**Data block:**
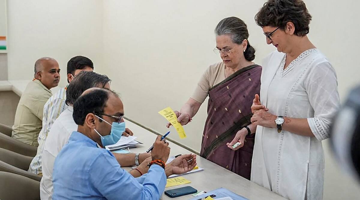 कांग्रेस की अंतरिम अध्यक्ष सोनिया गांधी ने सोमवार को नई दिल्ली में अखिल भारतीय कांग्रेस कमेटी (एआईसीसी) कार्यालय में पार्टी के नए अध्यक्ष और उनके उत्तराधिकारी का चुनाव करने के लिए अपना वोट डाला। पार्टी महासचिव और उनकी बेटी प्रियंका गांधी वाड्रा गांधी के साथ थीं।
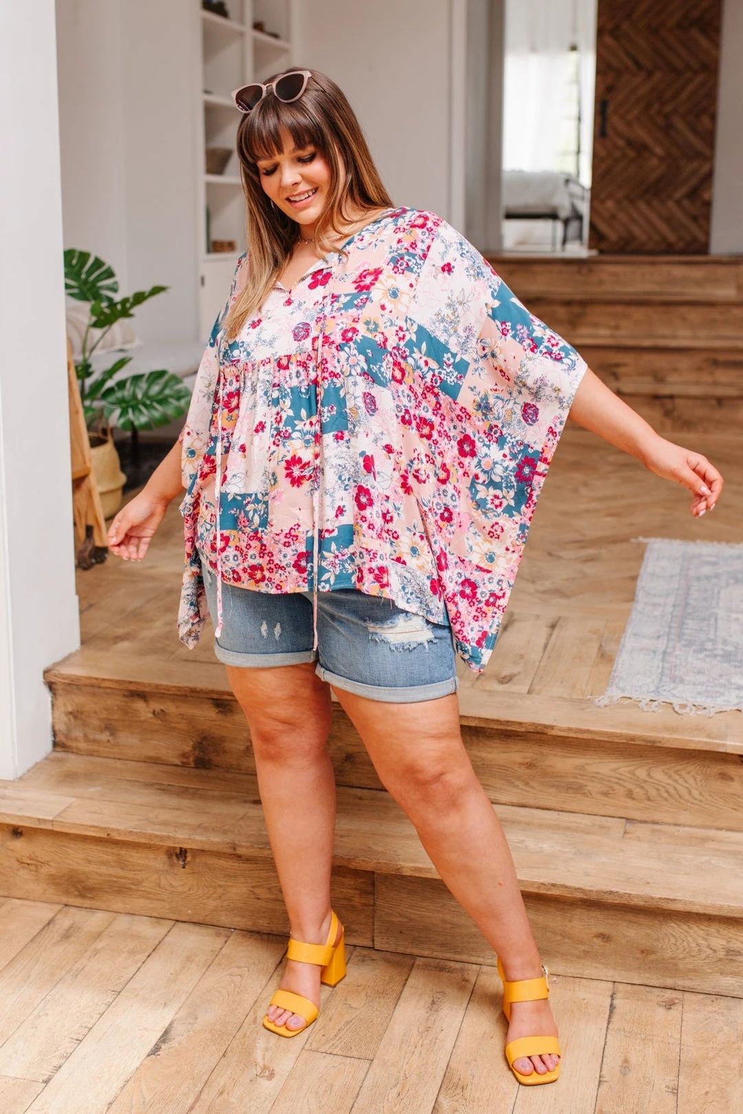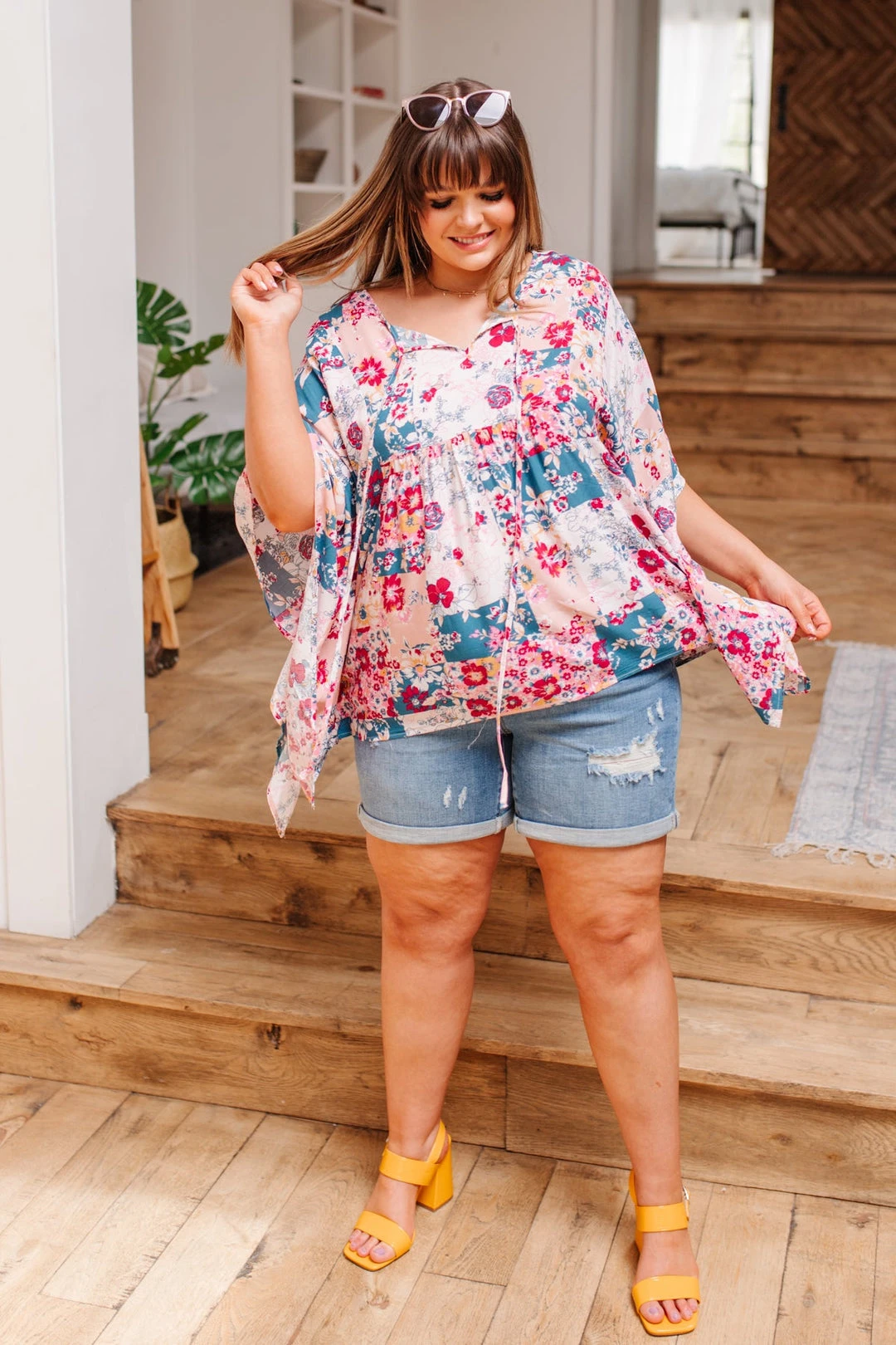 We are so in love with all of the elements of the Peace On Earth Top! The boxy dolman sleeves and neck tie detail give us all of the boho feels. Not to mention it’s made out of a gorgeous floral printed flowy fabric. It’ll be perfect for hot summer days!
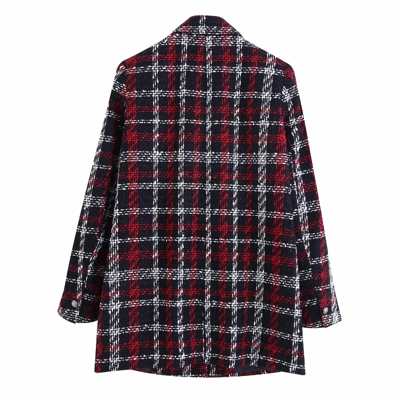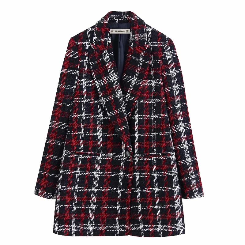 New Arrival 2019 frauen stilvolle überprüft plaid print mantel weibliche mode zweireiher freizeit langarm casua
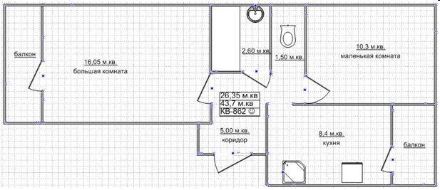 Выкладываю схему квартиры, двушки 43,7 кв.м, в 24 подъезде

**Problem statement:** Transcribe the listing in full and omit the pictures.

**Worked solution:**
 कांग्रेस की अंतरिम अध्यक्ष सोनिया गांधी ने सोमवार को नई दिल्ली में अखिल भारतीय कांग्रेस कमेटी (एआईसीसी) कार्यालय में पार्टी के नए अध्यक्ष और उनके उत्तराधिकारी का चुनाव करने के लिए अपना वोट डाला। पार्टी महासचिव और उनकी बेटी प्रियंका गांधी वाड्रा गांधी के साथ थीं।
 We are so in love with all of the elements of the Peace On Earth Top! The boxy dolman sleeves and neck tie detail give us all of the boho feels. Not to mention it’s made out of a gorgeous floral printed flowy fabric. It’ll be perfect for hot summer days!
 New Arrival 2019 frauen stilvolle überprüft plaid print mantel weibliche mode zweireiher freizeit langarm casua
 Выкладываю схему квартиры, двушки 43,7 кв.м, в 24 подъезде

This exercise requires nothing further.